▶ _WHAT IS BEING ASKED_: From the line with "Krásny dámsky elegantný" down to the final line of the material, please transcribe everything exactly, but leave the pictures out.

(STORED DATA Opens)

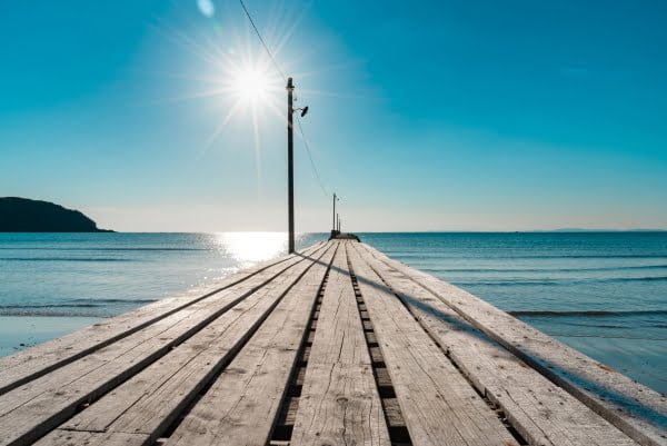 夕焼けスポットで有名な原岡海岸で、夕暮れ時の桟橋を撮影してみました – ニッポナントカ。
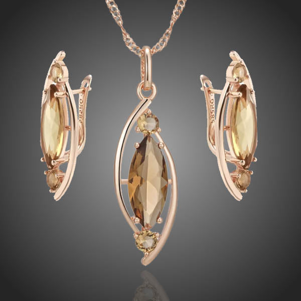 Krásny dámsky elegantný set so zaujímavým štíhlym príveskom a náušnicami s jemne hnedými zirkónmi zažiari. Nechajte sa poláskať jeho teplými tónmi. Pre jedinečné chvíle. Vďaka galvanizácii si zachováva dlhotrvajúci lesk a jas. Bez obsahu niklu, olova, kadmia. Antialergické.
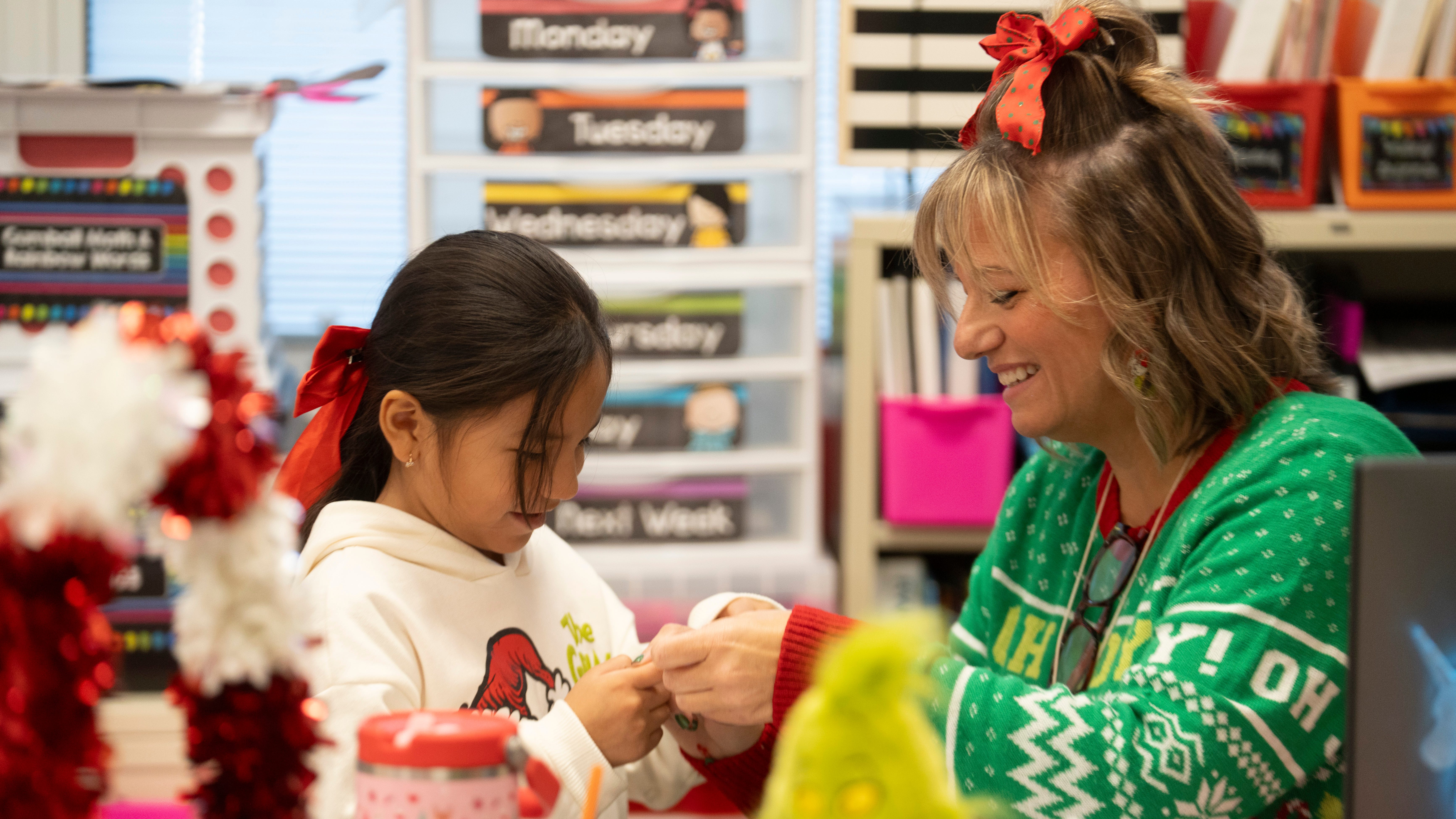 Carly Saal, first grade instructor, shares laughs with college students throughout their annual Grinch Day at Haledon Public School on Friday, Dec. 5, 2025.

(STORED DATA Closes)

▶ _RESULT FOR THIS EXERCISE_:
 Krásny dámsky elegantný set so zaujímavým štíhlym príveskom a náušnicami s jemne hnedými zirkónmi zažiari. Nechajte sa poláskať jeho teplými tónmi. Pre jedinečné chvíle. Vďaka galvanizácii si zachováva dlhotrvajúci lesk a jas. Bez obsahu niklu, olova, kadmia. Antialergické.
 Carly Saal, first grade instructor, shares laughs with college students throughout their annual Grinch Day at Haledon Public School on Friday, Dec. 5, 2025.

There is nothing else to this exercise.